Age and sex distribution patterns of patients with JCV-positive CSF. Patients with JCV-positive CSF during the study period (A) were divided into five groups based on underlying conditions: HIV infection (B), hematologic disorders (C), autoimmune disorders (D), other diseases (E), and none/unknown (F). The “other diseases” group includes patients with a history of organ transplantation, solid tumors, or comorbidities of multiple underlying diseases. The vertical axes show the number of patients, and the numbers below the bars indicate the age groups by decade.

Figure 5

Viral DNA levels in patients with JCV-positive CSF. Patients with JCV-positive CSF during the study period (A) were classified into five groups based on underlying conditions: HIV infection (B), hematologic disorders (C), autoimmune disorders (D), other diseases (E), and none/unknown (F). The copy numbers of the JCV genome in the initial CSF testing that presented positive reactions were indicated using the combinations of beeswarm plots and box-and-whisker plots.
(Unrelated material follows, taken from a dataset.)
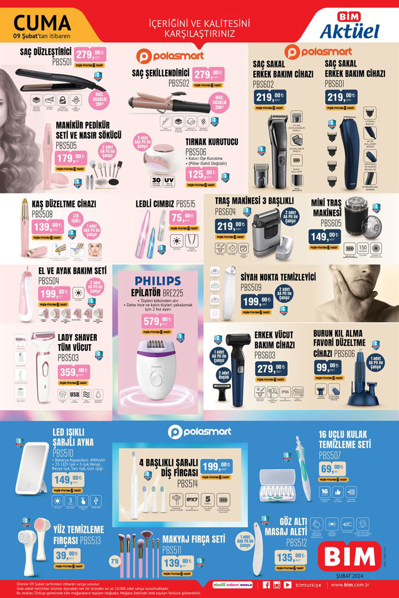 BİM'de bu hafta kişisel bakım ürünleri geniş yer kaplıyor. Bu ürünlerde; Polosmart Saç Düzleştirici 279 TL, Polosmart Saç Şekillendirici 279 TL, Polosmart Saç Sakal Erkek Bakım Cihazı 219 TL, Polosmart Kaş Düzeltme Cihazı 139 TL, Polosmart Manikür Pedikür Seti ve Nasır Sökücü 179 TL, Polosmart Tırnak Kurutucu 125 TL, Polosmart Ledli Cımbız 75 TL,
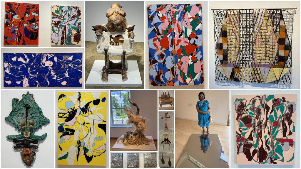 The next museum we went to Aldrich Contemporary Museum in Ridgefield, CT. We were surprised that most of the museum had few pieces in a large room. Looked like someone rich was funding the museum and most of is done as recent as 2025. None the less we saw a few pieces (From L to R, Top to Bottom) – Art work by Zak Prekop, Gives tank and Praises, Again art work by Zak Prekop, Julia Blend’s Woven in the Reeds, Her sirens of the Sea by Nickola Pottinger, Nore at by Zak Prekop, Mad to Raaatid, Marting Beck’s Triptych of Time Sounds and Sites, Memba wen wi did young by Nickola Pottinger, Sunday School by Nickola Pottinger, Stainless Steel by Martin Beck (Surprised to see a block of steel on the ground), More art work by Zak Prekop and I didn’t take picture but there was a whole wall of silk curtains as art work. *Surprised*

In each panel, the data are divided into the first period, when the standard PCR testing was used (FY2011–2015, left), and the second period, when the ultrasensitive PCR testing was implemented (FY2016–2020, right). The vertical axes show the logarithm of the JCV loads measured by quantitative PCR assay. The thick horizontal line within each box is the median, and the lower and upper limits are the 25th and 75th percentiles, respectively. Vertical whiskers extend to 1.5 times the interquartile range of the data. “NS” indicates no significant difference between the two groups.